- **EXCERPTED RECORDS**
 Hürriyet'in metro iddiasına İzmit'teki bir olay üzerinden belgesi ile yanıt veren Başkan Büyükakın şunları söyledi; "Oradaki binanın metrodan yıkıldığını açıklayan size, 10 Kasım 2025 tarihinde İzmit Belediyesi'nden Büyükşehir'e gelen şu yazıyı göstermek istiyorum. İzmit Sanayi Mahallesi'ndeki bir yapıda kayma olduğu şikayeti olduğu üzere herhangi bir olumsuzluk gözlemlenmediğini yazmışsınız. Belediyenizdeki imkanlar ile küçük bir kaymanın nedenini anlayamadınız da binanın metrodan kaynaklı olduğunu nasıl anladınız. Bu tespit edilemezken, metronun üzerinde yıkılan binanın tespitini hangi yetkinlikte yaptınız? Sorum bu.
==
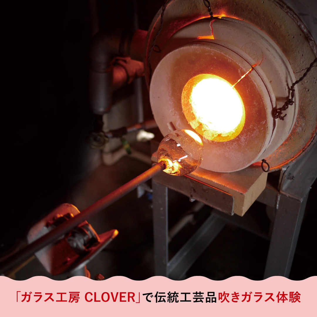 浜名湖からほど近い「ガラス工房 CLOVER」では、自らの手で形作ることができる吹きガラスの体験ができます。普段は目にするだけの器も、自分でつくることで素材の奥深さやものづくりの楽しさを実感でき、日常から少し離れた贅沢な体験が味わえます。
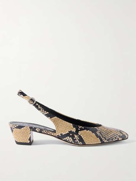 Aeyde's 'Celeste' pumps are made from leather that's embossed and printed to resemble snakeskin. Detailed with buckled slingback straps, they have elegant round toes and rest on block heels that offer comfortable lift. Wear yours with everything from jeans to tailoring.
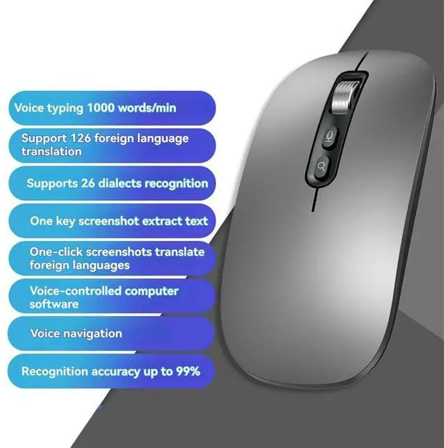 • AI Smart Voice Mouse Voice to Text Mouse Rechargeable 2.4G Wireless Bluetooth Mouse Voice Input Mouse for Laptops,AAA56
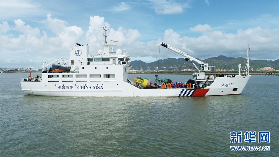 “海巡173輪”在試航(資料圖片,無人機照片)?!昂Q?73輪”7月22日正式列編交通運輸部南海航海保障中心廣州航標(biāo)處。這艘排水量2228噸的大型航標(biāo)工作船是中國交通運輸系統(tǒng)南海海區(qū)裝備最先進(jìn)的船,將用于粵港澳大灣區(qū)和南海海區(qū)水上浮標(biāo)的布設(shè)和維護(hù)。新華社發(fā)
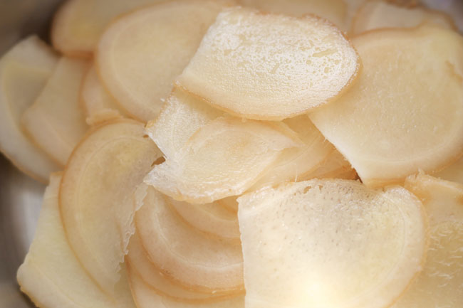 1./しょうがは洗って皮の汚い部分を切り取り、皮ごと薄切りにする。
* * *
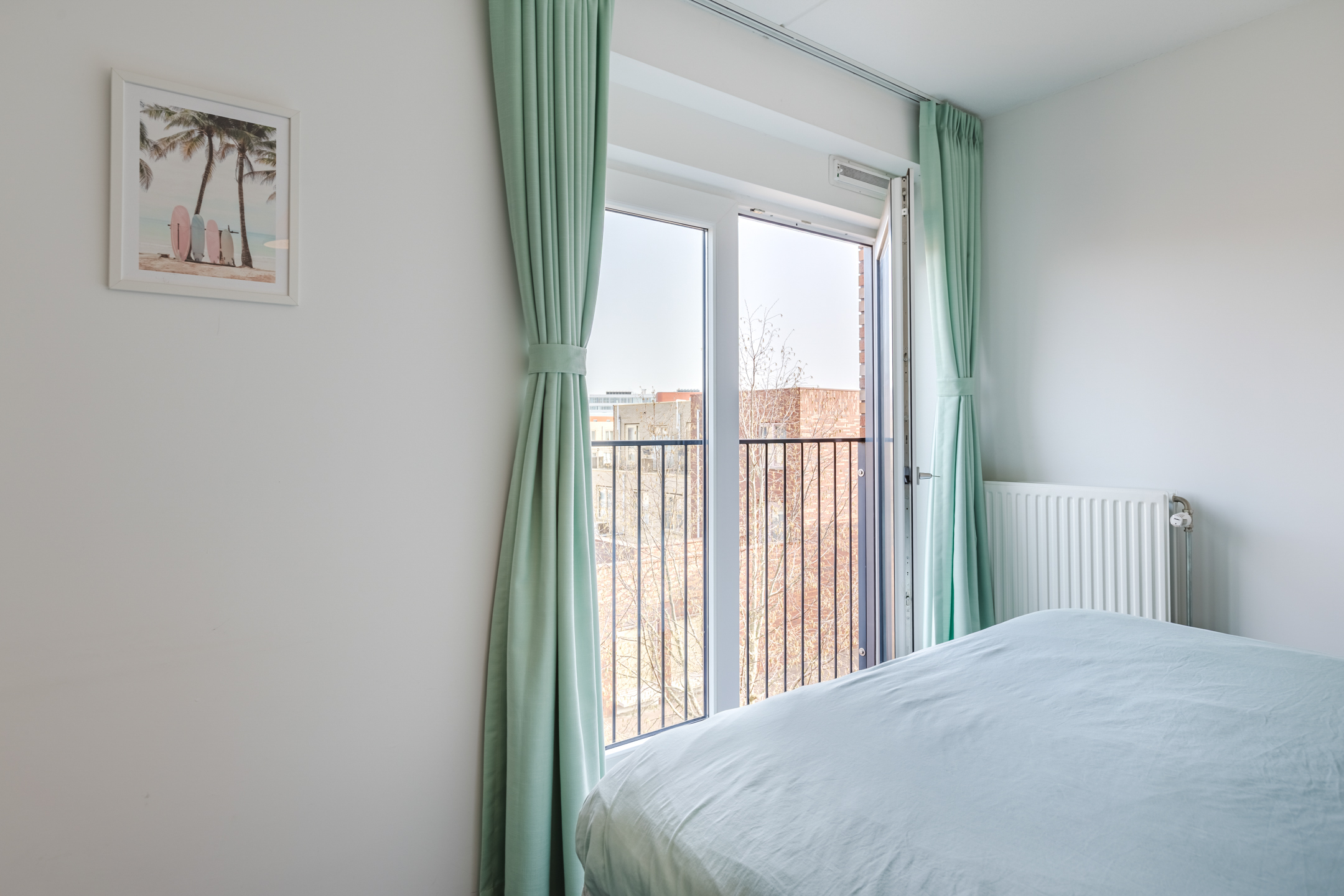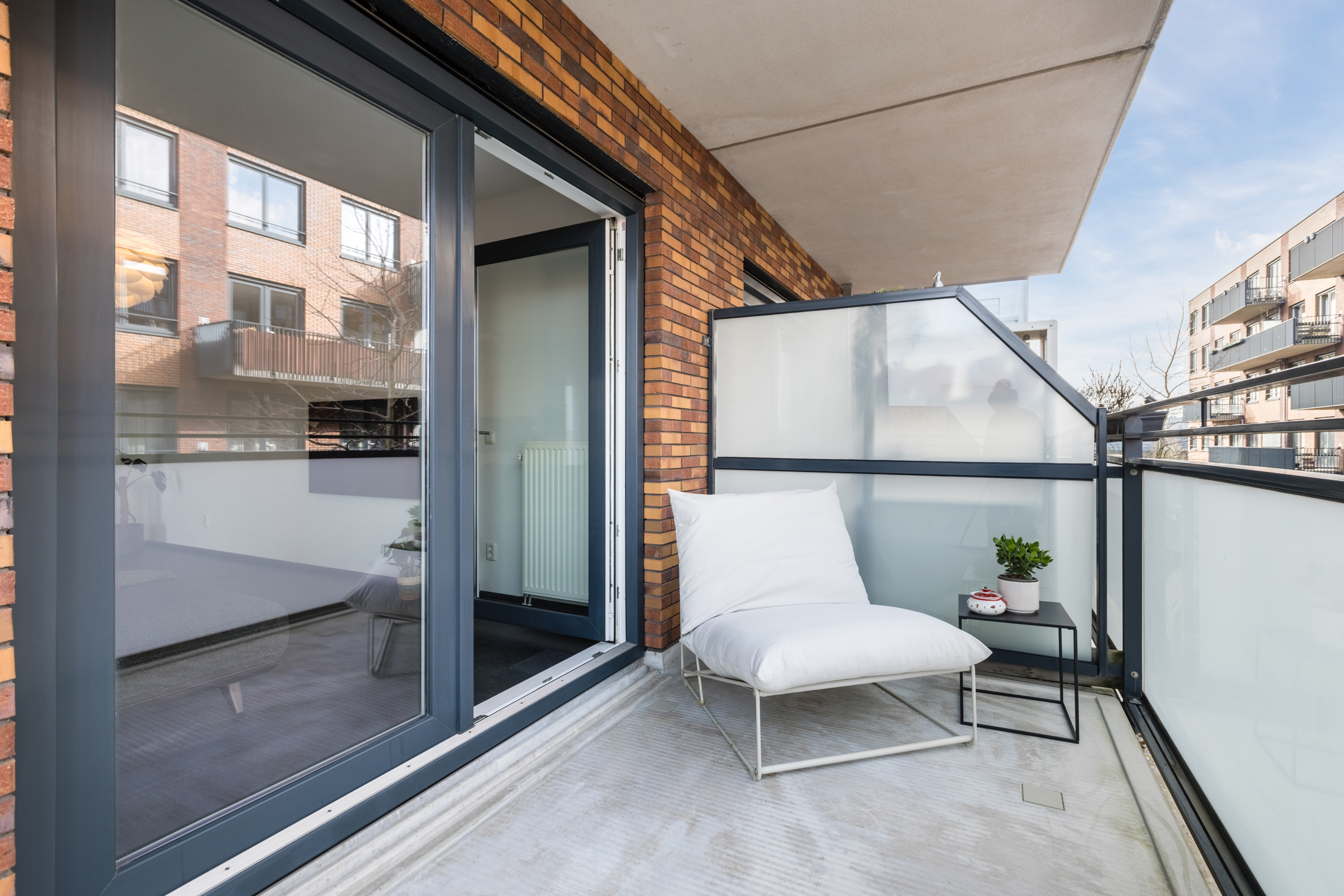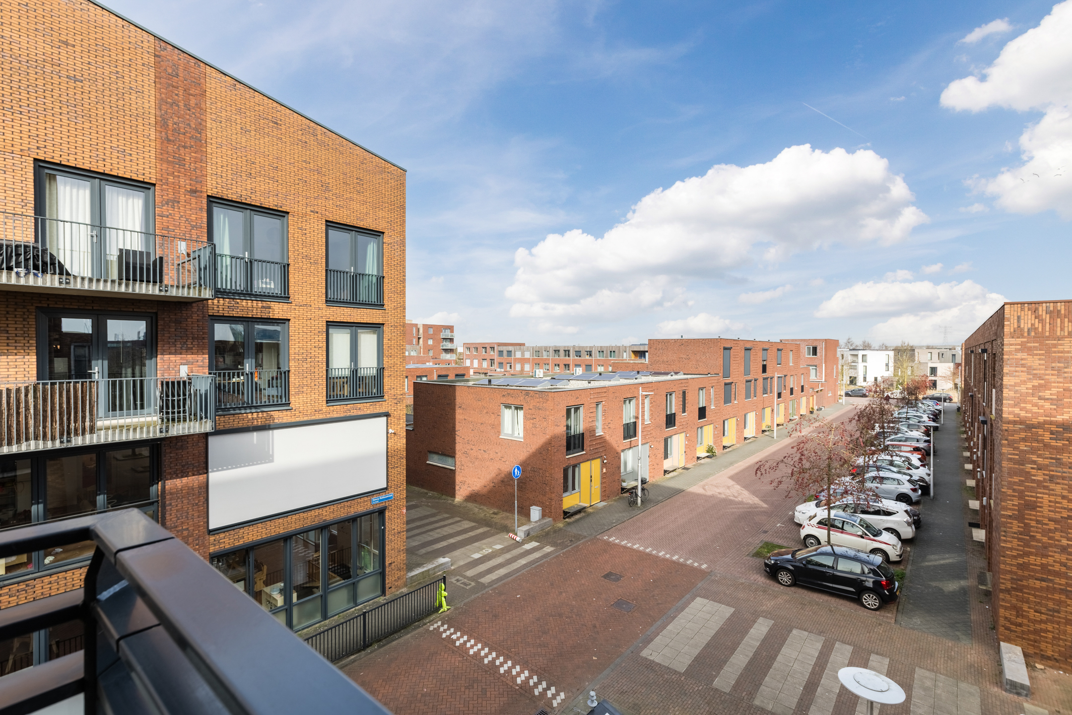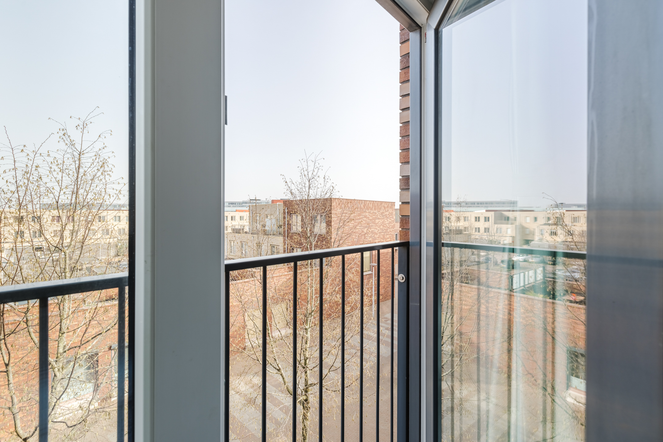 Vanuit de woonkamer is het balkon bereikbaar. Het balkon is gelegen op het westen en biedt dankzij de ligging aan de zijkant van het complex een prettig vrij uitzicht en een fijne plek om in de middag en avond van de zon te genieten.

- **HOW TO COMPLETE THIS TASK**
In the records above, copy exactly everything from the line that has "浜名湖からほど近い「ガラス工" down to the line that has "1./しょうがは洗って皮の汚い部分を切り取り、皮ごと薄切りにする。", both ends included, and leave out the pictures.

- **SOLUTION TO THIS PROBLEM**
 浜名湖からほど近い「ガラス工房 CLOVER」では、自らの手で形作ることができる吹きガラスの体験ができます。普段は目にするだけの器も、自分でつくることで素材の奥深さやものづくりの楽しさを実感でき、日常から少し離れた贅沢な体験が味わえます。
 Aeyde's 'Celeste' pumps are made from leather that's embossed and printed to resemble snakeskin. Detailed with buckled slingback straps, they have elegant round toes and rest on block heels that offer comfortable lift. Wear yours with everything from jeans to tailoring.
 • AI Smart Voice Mouse Voice to Text Mouse Rechargeable 2.4G Wireless Bluetooth Mouse Voice Input Mouse for Laptops,AAA56
 “海巡173輪”在試航(資料圖片,無人機照片)?!昂Q?73輪”7月22日正式列編交通運輸部南海航海保障中心廣州航標(biāo)處。這艘排水量2228噸的大型航標(biāo)工作船是中國交通運輸系統(tǒng)南海海區(qū)裝備最先進(jìn)的船,將用于粵港澳大灣區(qū)和南海海區(qū)水上浮標(biāo)的布設(shè)和維護(hù)。新華社發(fā)
 1./しょうがは洗って皮の汚い部分を切り取り、皮ごと薄切りにする。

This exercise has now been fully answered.